The plugin can be used to monitor values of monitoring variables or self-monitorng metrics generated by NetSpyGlass servers. To monitor devices and their components, use command line parameters –device, –component, –tags and –var. These parameters form a filter used to determine which monitoring variable the plugin with inspect.

11.2. Monitoring Devices

Note

In most cases you can skip parameter –network and use the default value.

The plugin calls JSON API on NetSpyGlass server to get values of the specified variable. Returned data looks like this:

[ {
  "device" : "c3560g-1",
  "address" : "10.0.14.228",
  "component" : "Gi0/17",
  "color" : "#dddddd",
  "colorLevel" : "0",
  "value" : "172846.93333333332",
  "scaledValue" : "0.173",
  "unit" : "bit/sec",
  "scaledUnit" : "Mbit/sec",
  "tags" : "Explicit.core, Link.vlan1_1, ifOperStatus.Up, ifRole.PhysicalPort, ifAdminStatus.Up, ifSpeed.1G, ifRole.UntaggedSwtichPort, ifRole.BroadcastTypeInterface"
}, {
  "device" : "c3560g-1",
  "address" : "10.0.14.228",
  "component" : "Gi0/18",
  "color" : "#ffdead",
  "colorLevel" : "1",
  "value" : "146676.53333333333",
  "scaledValue" : "146.677",
  "unit" : "bit/sec",
  "scaledUnit" : "kbit/sec",
  "tags" : "Explicit.core, Link.10.0.14.90, ifOperStatus.Up, ifRole.PhysicalPort, ifSpeed.10M, ifAdminStatus.Up, ifRole.UntaggedSwtichPort, ifRole.BroadcastTypeInterface"
}, {
     . . .
]

In addition to the device name, interface or hardware component name and value, each variable is annotated with attributes “color” and “colorLevel”. These corresponds to the colors you see in NetSpyGlass UI. These colors are assigned by NetSpyGlass monitor according to the thresholds defined in the configuration file or as the result of actions taken by the Python script in NetSpyGlass.
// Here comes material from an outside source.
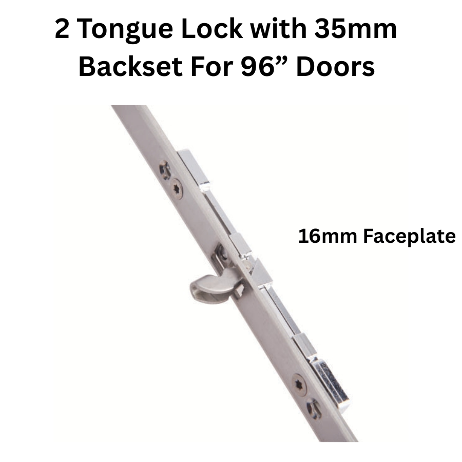 Interlock 2 Tongue Lock with 16mm Faceplate, 35mm Backset For 96” Doors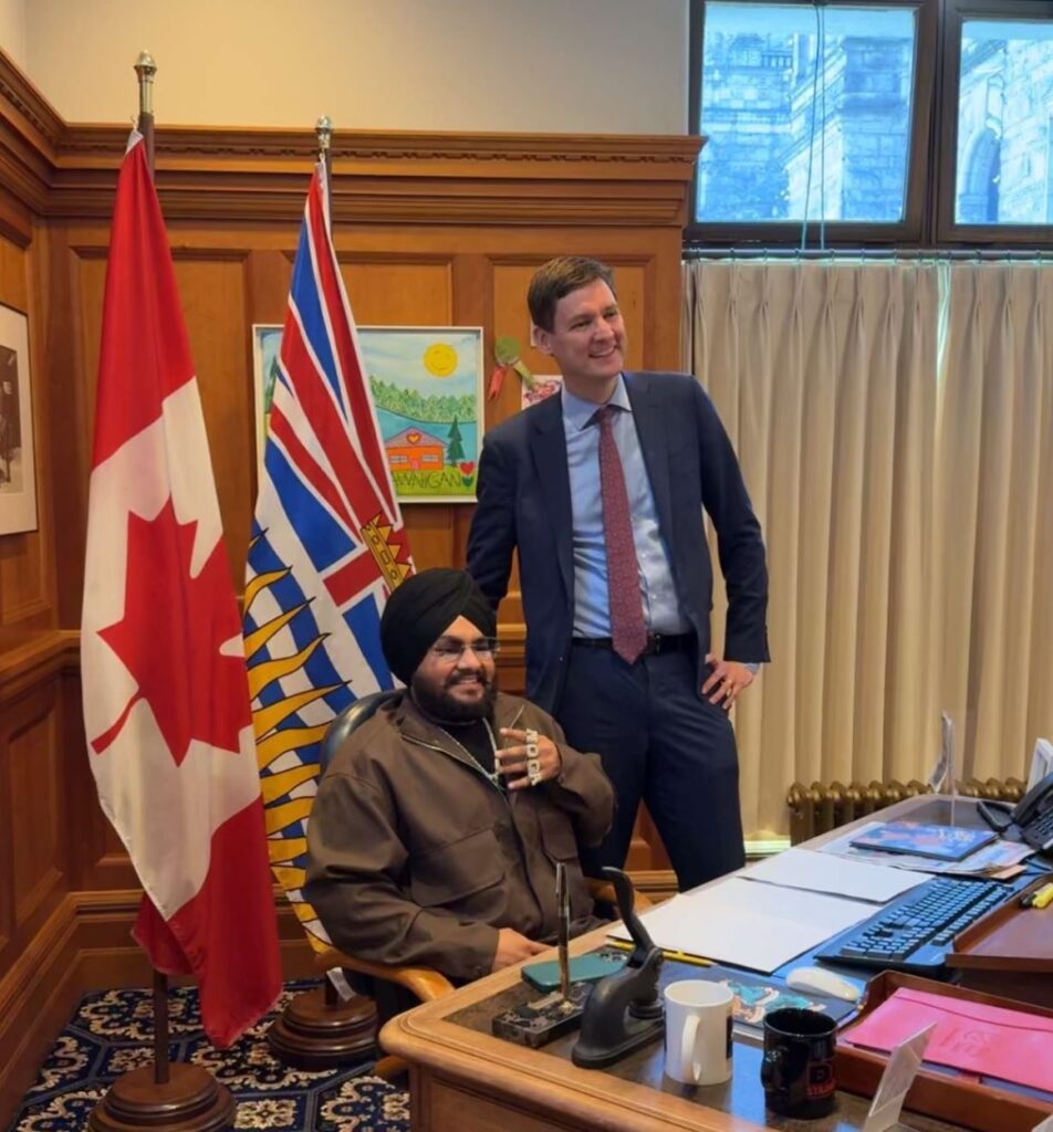 ਨੈਸ਼ਨਲ ਟਾਈਮਜ਼ ਬਿਊਰੋ :- ਬਰਿਟਿਸ਼ ਕੋਲੰਬੀਆ ਦੀ ਰਾਜਧਾਨੀ ਵਿਕਟੋਰੀਆ ਵਿਚ ਪੰਜਾਬੀ ਗਾਇਕ ਜੈਜ਼ੀ ਬੀ, ਚੰਨੀ ਨੱਟਣ ਅਤੇ ਇੰਦਰਪਾਲ ਮੋਗਾ ਨੇ ਪ੍ਰਾਂਤ ਦੀ ਵਿਧਾਨ ਸਭਾ ਦਾ ਦੌਰਾ ਕੀਤਾ। ਇਸ ਦੌਰਾਨ ਉਨ੍ਹਾਂ ਨੂੰ ਵਿਧਾਨ ਸਭਾ ਦੇ ਪਾਰਲੀਮੈਂਟਰੀ ਡਾਈਨਿੰਗ ਰੂਮ ਵਿਚ ਲੰਚ ਲਈ ਸੱਦਾ ਦਿੱਤਾ ਗਿਆ। ਜਿੱਥੇ ਇੱਕ ਪਾਸੇ ਉਨ੍ਹਾਂ ਦਾ ਸਨਮਾਨ ਕੀਤਾ ਗਿਆ, ਓਥੇ ਦੂਜੇ ਪਾਸੇ ਕੁਝ ਵਿਧਾਇਕਾਂ ਵੱਲੋਂ ਇਸ ਉੱਤੇ ਵਿਰੋਧ ਵੀ ਦਰਜ ਕਰਵਾਇਆ ਗਿਆ।

The meaning of the thresholds and therefore, “colorLevel” attribute, depends on the variable. For example, default configuration sets 5 levels for the interface utilization variables ifInUtilization and ifOutUtilization:

network.monitor.display.thresholds {
    ifInUtilization: [
        { value = "0",    colorLevel = 0},
        { value = "0.2",  colorLevel = 1},
        { value = "0.6",  colorLevel = 2},
        { value = "0.9",  colorLevel = 3},
    ],

    ifOutUtilization: [
        { value = "0",    colorLevel = 0},
        { value = "0.2",  colorLevel = 1},
        { value = "0.6",  colorLevel = 2},
        { value = "0.9",  colorLevel = 3},
    ],

Values of the variables ifInUtilization and ifOutUtilization are computed by the default Python rule processing script nw2rules.py (you can find copy of it in the directory python of the distribution tar archive). These values are calculated as interface traffic divided by the interface speed:

ifInUtilization = ifInRate / ifSpeed
ifOutUtilization = ifOutRate / ifSpeed

If interface utilization is under 0.2 (20%), the value of “colorLevel” attribute is going to be “0”. If utilization is greater or equal to 0.2 but is less than 0.6, “colorLevel” is equal to 1, and so on. Color level “100” is reserved for interfaces that are in operational state “down”.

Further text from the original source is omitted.